The problem: Pictures in the listing below are skipped, while the lines from the "本机床机身采用床台式结构,高" line through the "С новой рабочей" line are returned word for word.

Task inputs:
%%

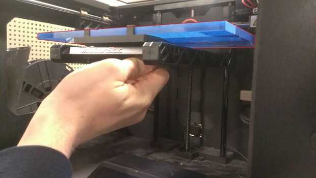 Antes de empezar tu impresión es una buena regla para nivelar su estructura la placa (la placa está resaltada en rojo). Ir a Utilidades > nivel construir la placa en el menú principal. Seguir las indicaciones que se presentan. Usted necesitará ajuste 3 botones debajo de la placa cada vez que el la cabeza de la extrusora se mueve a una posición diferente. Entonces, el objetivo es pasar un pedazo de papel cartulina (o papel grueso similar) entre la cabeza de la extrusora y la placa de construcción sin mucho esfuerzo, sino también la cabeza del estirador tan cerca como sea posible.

%%
%%

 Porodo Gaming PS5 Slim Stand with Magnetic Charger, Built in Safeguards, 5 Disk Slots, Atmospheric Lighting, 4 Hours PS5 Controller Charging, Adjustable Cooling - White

%%
%%

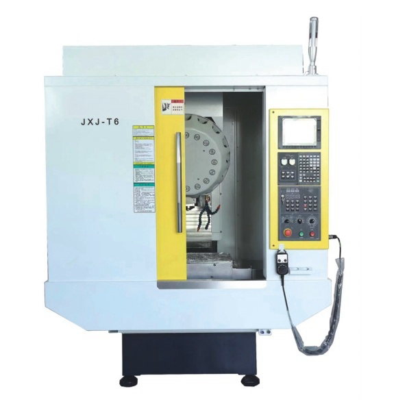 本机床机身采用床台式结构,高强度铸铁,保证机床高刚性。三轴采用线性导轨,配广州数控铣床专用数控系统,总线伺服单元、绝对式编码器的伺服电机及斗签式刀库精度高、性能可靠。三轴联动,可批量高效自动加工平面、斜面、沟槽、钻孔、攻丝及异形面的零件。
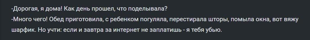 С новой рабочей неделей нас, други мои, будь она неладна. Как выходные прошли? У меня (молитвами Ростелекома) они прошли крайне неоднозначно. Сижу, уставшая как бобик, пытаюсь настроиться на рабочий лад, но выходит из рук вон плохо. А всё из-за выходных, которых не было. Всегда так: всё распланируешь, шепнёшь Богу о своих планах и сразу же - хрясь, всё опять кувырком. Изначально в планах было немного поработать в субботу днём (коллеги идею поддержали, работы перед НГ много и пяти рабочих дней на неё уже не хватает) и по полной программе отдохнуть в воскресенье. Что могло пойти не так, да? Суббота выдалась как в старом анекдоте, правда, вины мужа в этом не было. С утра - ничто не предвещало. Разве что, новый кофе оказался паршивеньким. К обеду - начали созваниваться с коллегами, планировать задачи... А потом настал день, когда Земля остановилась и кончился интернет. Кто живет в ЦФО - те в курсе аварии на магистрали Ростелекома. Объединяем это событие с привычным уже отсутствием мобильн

%%

Response to the task:
 本机床机身采用床台式结构,高强度铸铁,保证机床高刚性。三轴采用线性导轨,配广州数控铣床专用数控系统,总线伺服单元、绝对式编码器的伺服电机及斗签式刀库精度高、性能可靠。三轴联动,可批量高效自动加工平面、斜面、沟槽、钻孔、攻丝及异形面的零件。
 С новой рабочей неделей нас, други мои, будь она неладна. Как выходные прошли? У меня (молитвами Ростелекома) они прошли крайне неоднозначно. Сижу, уставшая как бобик, пытаюсь настроиться на рабочий лад, но выходит из рук вон плохо. А всё из-за выходных, которых не было. Всегда так: всё распланируешь, шепнёшь Богу о своих планах и сразу же - хрясь, всё опять кувырком. Изначально в планах было немного поработать в субботу днём (коллеги идею поддержали, работы перед НГ много и пяти рабочих дней на неё уже не хватает) и по полной программе отдохнуть в воскресенье. Что могло пойти не так, да? Суббота выдалась как в старом анекдоте, правда, вины мужа в этом не было. С утра - ничто не предвещало. Разве что, новый кофе оказался паршивеньким. К обеду - начали созваниваться с коллегами, планировать задачи... А потом настал день, когда Земля остановилась и кончился интернет. Кто живет в ЦФО - те в курсе аварии на магистрали Ростелекома. Объединяем это событие с привычным уже отсутствием мобильн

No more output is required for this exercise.